NEW YORK (The Deal) -- France's Vivendi late Wednesday said it had received two offers for its Societe Francaise de Radiotelephone, or SFR, cellular unit and would now allow its supervisory board to evaluate the approaches, one of which may spark similar regulatory concerns to pending telecom takeovers elsewhere on the Continent.
Paris-based Vivendi said Numericable Group, along with its Altice parent company, and SFR rival Bouygues have submitted offers, helping Vivendi focus on entertainment content and bringing a Europewide phone consolidation to France.
"Vivendi's supervisory board will now examine these offers. It will consider all options available regarding the future of its subsidiary and the group, in the best interests of employees and shareholders," the company said.
Vivendi has been slimming down to focus on entertainment assets including Universal Music Group and broadcaster Canal Plus. It had hoped to list and hand SFR to shareholders through a 12 billion ($16.5 billion) spinoff. However, strong interest from companies hoping to gain bulk to better compete against incumbent Orange raised the option of a sale.
Bouygues, of Paris, said its offer values SFR at 14.5 billion. The deal would give Vivendi 10.5 billion in cash as well as a 46% stake in the expanded Bouygues/SFR. It's already lined up financing with JPMorgan Chase (JPM) and seven other banks, according to the Financial Times.
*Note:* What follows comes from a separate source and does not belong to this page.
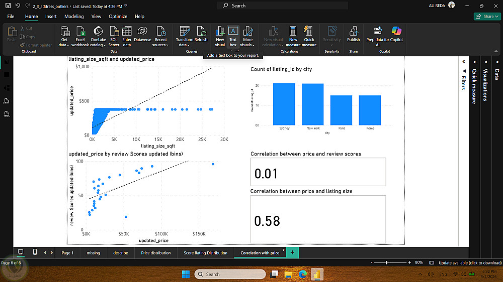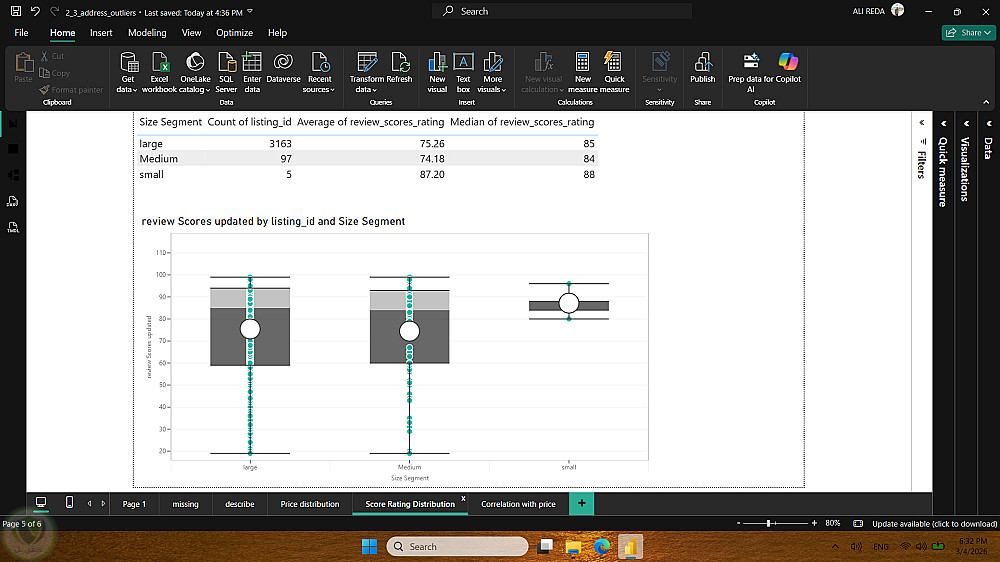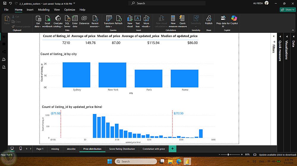 ركز التحليل على استكشاف توزيع الأسعار، أنواع العقارات، والمناطق الأكثر طلبًا، بالإضافة إلى دراسة العوامل التي تؤثر على سعر الإيجار مثل الموقع، عدد الغرف، التقييمات، وتوفر الخدمات. كما قمت بتحليل أنماط الحجوزات وتحديد المدن أو الأحياء التي تحقق أعلى عائد.

Meanwhile, Numericable and Altice, backed by French billionaire Patrick Drahi, were planning to bid 14.8 billion. That deal would include 11 billion in cash and a 750 million capital injection raised through the sale of new Altice shares. Altice would also fold in 3 billion in Numericable cable assets. Ultimately Vivendi would have 32% of the expanded Numericable, a source said earlier this week.